By , Senin, 28 April 2014 | 10:18 WIB

Bukankah arena baru itu menjadikan Paris lebih menyenangkan?

“Paris bukan tempat bersenang-senang. Kami perlu bekerja.”

Di tepi sungai yang telah berubah wujud di depan Musée d’Orsay, begitu banyak orang tampak larut dalam kesenangan.

“Kami orang Paris, tetapi tidak merasa seperti di Paris,” kata Bertine Pakap, ahli kecantikan yang bermukim di Batignolles, sebuah arron­dissement terpencil. Dia datang untuk meng­hadiri reuni keluarga. Putrinya Elohina dengan penuh minat menonton dua orang seniman pantomim, sementara ibunya asyik duduk di meja piknik.

“Biasanya kami tak akan mendatangi ling­kungan seapik ini,” katanya. “Tempat semacam ini nyaris tak terjangkau oleh kami. Sekarang lebih demokratis. Juga gratis—kami tak perlu membayar untuk hiburan.”

!break!

PENUMPANG

Pada pukul 18.20, tiga orang pria mengantre di depan gang menuju Fleuron St. Jean, kapal pengangkut hijau muda yang berlabuh di pinggir kota. Mereka hendak bertolak dalam sebuah pelayaran semalam yang tak melibatkan perjalanan—hanya makanan hangat dan ranjang yang nyaman.

“Kami menyebut mereka penumpang hanya untuk alasan kehormatan,” ujar Adrien Casseron, manajer rumah singgah terapung untuk tunawisma yang didanai oleh Ordo Malta di Prancis, dan 30 Million Friends Foundation, sebuah organisasi pencinta binatang (para pe­numpang diperbolehkan membawa anjing mereka).
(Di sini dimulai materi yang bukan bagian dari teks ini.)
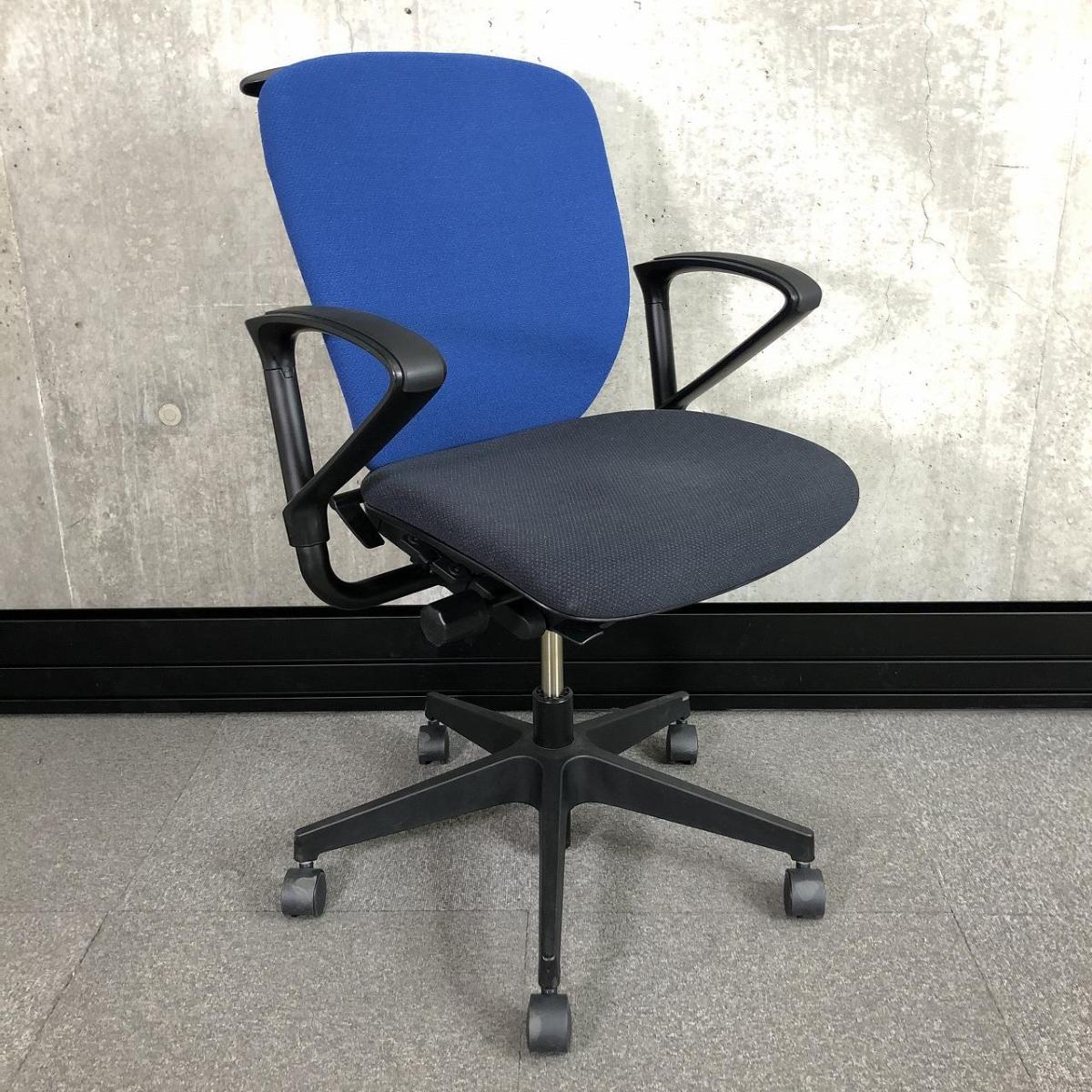 【一人ひとりにマッチする座り心地!姿勢の変化にフレキシブルに対応!】■イトーキ(ITOKI)製 プラオチェア 肘付 ローバック ■サークル肘 ■背面ストロングブルー×座面ブラック オフィスバスターズ 東大阪店【K11】

Pelayaran ini menjadi selingan dalam ke­hidupan yang terhambat oleh kemiskinan dan kekurangan lapangan kerja.

“Di desa, jika Anda kehilangan pekerjaan, tetangga Anda siap menolong. Di kota besar Anda sendirian. Anda kehilangan pekerjaan, keluarga, dan mendapati diri Anda terlunta-lunta di jalan.

“Jangan bayangkan hanya orang Prancis yang ditampung di kapal ini,” tambahnya. “Jika ada konflik di Mali atau Afganistan, orang-orang dari sana juga terlihat di sini.”

Pria-pria itu, ada yang membawa ransel, ada yang hanya berbekal pakaian yang melekat di badan, disambut dengan jabat tangan dan diantar ke ranjang mereka. Pada 19.45, mereka menyantap makan malam. Menu hari itu: buncis, ikan, keju, yogurt, dan buah, disajikan “seperti di rumahmu sendiri,” kata Casseron.

“Asal saya dari Martinique,” kata René, 58, yang mengenakan kaus abu-abu dan celana jins. Dengan suara sarat kesedihan, dia bercerita tentang alasannya dipecat dari pekerjaan terakhirnya sebagai perakit lemari penyimpan barang-barang elektronik.